+++ DATA SHOWN

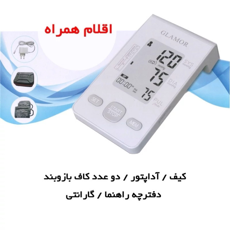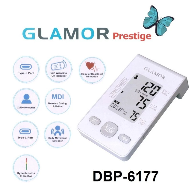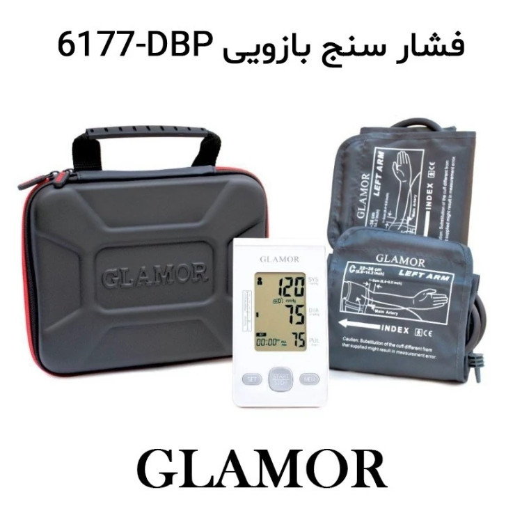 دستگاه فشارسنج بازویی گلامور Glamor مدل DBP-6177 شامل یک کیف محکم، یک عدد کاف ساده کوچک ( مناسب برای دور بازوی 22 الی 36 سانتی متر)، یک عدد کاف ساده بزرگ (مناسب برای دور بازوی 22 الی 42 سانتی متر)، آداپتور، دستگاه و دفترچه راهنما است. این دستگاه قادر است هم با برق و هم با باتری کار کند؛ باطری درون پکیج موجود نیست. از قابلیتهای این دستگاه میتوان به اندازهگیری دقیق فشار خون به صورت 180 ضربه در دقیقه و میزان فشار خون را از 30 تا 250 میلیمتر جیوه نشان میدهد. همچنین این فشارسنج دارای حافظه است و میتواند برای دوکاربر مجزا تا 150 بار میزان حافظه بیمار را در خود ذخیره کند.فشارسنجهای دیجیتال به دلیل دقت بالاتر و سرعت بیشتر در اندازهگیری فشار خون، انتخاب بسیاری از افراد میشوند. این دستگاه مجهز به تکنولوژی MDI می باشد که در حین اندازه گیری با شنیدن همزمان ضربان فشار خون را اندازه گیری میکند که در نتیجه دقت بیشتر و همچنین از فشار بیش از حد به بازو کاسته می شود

++++++
+++ DATA SHOWN

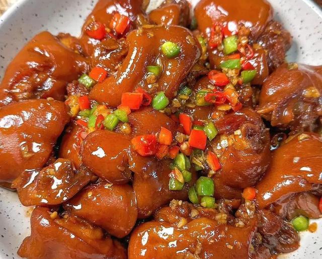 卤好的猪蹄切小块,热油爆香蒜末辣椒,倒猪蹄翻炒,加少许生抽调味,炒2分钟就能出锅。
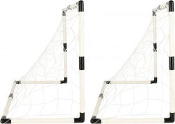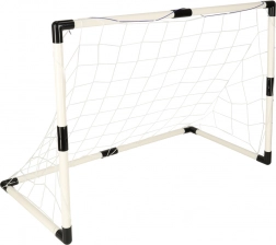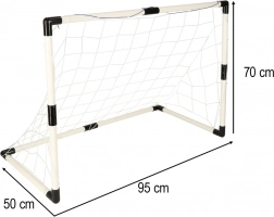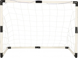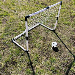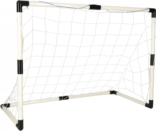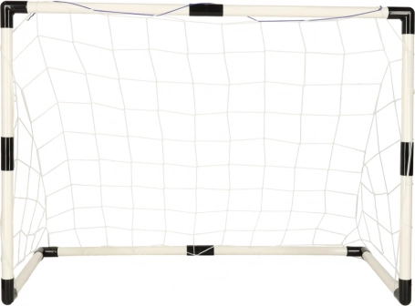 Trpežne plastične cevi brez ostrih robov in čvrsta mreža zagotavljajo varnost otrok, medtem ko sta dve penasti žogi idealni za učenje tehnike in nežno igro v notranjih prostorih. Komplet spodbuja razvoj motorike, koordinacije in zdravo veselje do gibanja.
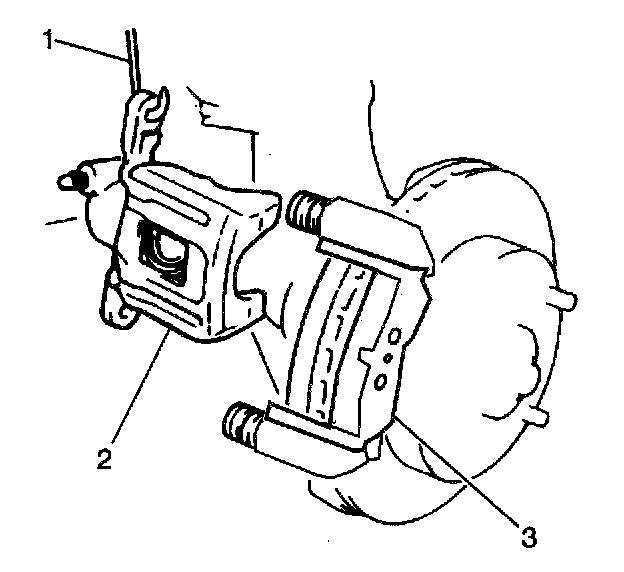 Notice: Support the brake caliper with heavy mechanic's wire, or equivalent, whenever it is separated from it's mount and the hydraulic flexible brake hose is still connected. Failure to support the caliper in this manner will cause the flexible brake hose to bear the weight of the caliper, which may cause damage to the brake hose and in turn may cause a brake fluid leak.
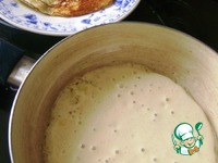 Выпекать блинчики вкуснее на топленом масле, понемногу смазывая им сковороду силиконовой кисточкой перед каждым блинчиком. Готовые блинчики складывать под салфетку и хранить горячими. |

++++++

WHAT NEEDS TO BE DONE: Take the material above and output only the lines from the one that contains "Notice: Support the" through the one that contains "Выпекать блинчики вкуснее", ends included and images left out.

ANSWER TO THE EXERCISE:
 Notice: Support the brake caliper with heavy mechanic's wire, or equivalent, whenever it is separated from it's mount and the hydraulic flexible brake hose is still connected. Failure to support the caliper in this manner will cause the flexible brake hose to bear the weight of the caliper, which may cause damage to the brake hose and in turn may cause a brake fluid leak.
 Выпекать блинчики вкуснее на топленом масле, понемногу смазывая им сковороду силиконовой кисточкой перед каждым блинчиком. Готовые блинчики складывать под салфетку и хранить горячими. |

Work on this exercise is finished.